The answer could either be
(y-6)(y+2)
(y+6)(y-2)
(y-4)(y+3)
(y+4)(y-3)
(y-1)(y+12)
(y+1)(y-12)

I would assume the correct answer would be (y+4)(y-3) but that actually factors the whole not just the right.
Here's a tip- do not "assume" in mathematics. It is okay to "guess" if you then check. If you were to "guess" that (y+ 4)(y- 3) is a factorization of y^2- 4y- 12, you can check by doing the multiplication: (y+ 4)(y- 3)= y(y- 3)+ 4(y- 3)= y^2- 3y+ 4y- 12= y^2+ y- 12, NOT y^2- 4y- 12 so that is NOT correct.

Quote:
The book states the correct answer as
(y+2)(y-6)

But how is that decided?
(y+ 2)(y- 6)= y(y- 6)+ 2(y- 6)= y^2- 6y+ 2y- 12= y^2- 4y- 12.

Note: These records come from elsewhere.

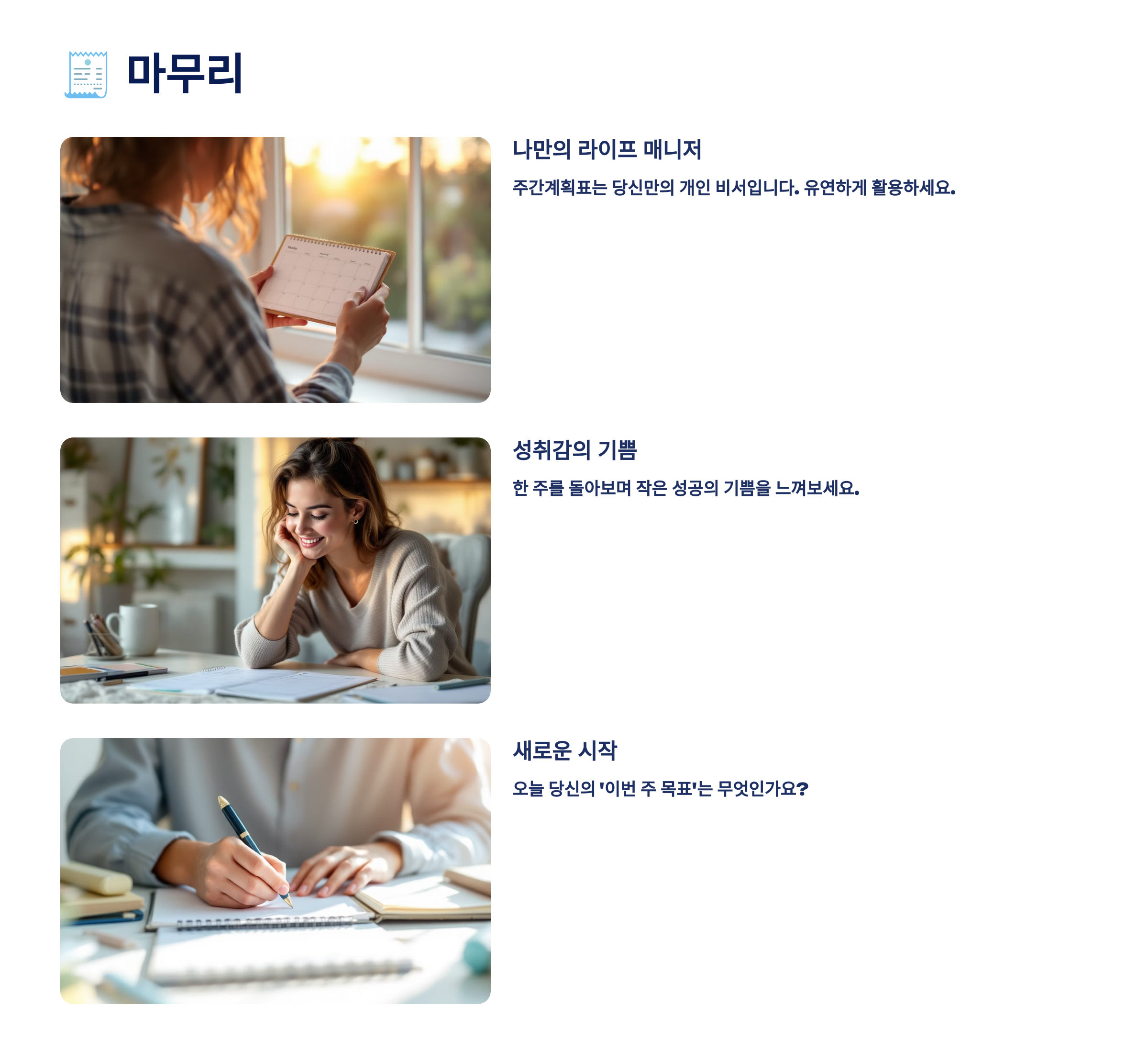 또한 학생, 직장인, 프리랜서 등 누구든 사용할 수 있고, 자기계발, 운동, 공부, 프로젝트 관리 등 어떤 영역에도 활용 가능해요. 일주일의 시작을 정리하면서 삶 전체의 방향까지 조율할 수 있다는 점에서 정말 강력한 도구랍니다. 📘💪
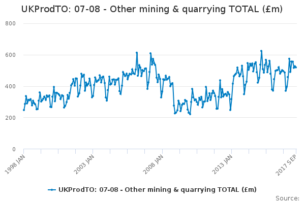 Download this time seriesUKProdTO: 07-08 - Other mining & quarrying TOTAL (£m)
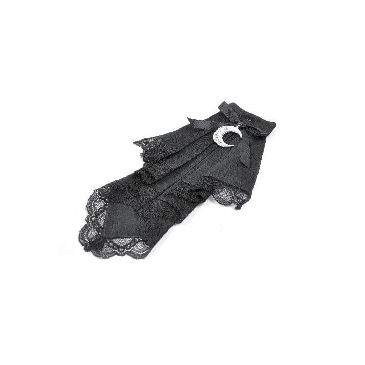 This dark-themed Lolita dress combines black-and-white stripes with black twill woven fabric, creating a layered look in a faux two-piece design. The neckline features a distinctive V-shaped cutout, wearable on its own or with the detachable neck bow for added versatility. The front placket has fully functional buttons for easy wear. The neck bow is crafted from black fabric, lace trim, a ribbon bow, and a moon pendant, adding intricate charm. Diagonal lace trim on both sides of the waist creates a slimming silhouette. The voluminous lantern sleeves are finished with lace-like trim at the cuffs. The hem is made from black fabric in a pleated design for enhanced depth and structure. A concealed side zipper adds convenience. Perfect for daily wear, parties, and ballroom events.
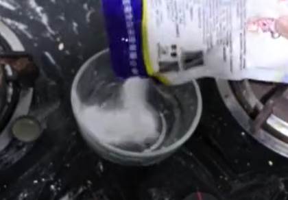 首先我們準備一個小碗,在里面加入一些小蘇打,
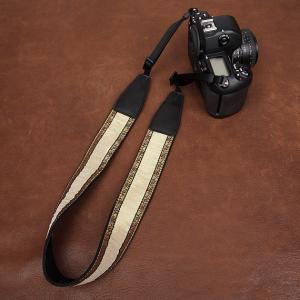 - カメラストラップ コットン ベージュホワイト /コーヒー色 ライン柄 cam-in カムイン CAM8078 おしゃれ 一眼レフ 斜めがけ ロープ
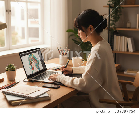 一位女士正在筆記型電腦上創作插圖

In general, in order to factor y^2+ ay+ b into (y+ u)(y+ v) you need to find two numbers, u and v, such that uv= b and u+ v= a. Here, a= -4 and b= -12. How can you factor -12? One way is (-1)(12) but -1+ 12= 11, not -4. Another is, of course, (-12)(1) but -12+ 1= -11, not 4. Another is 3(-4) but 3- 4= -1 not -4. (-3)(4) is 12 but -3+ 4= 1, not -4. (-2)(6)= -12 but -2+ 6= 4 not -4. (2)(-6)= -12 and 2- 6= -4! AHA!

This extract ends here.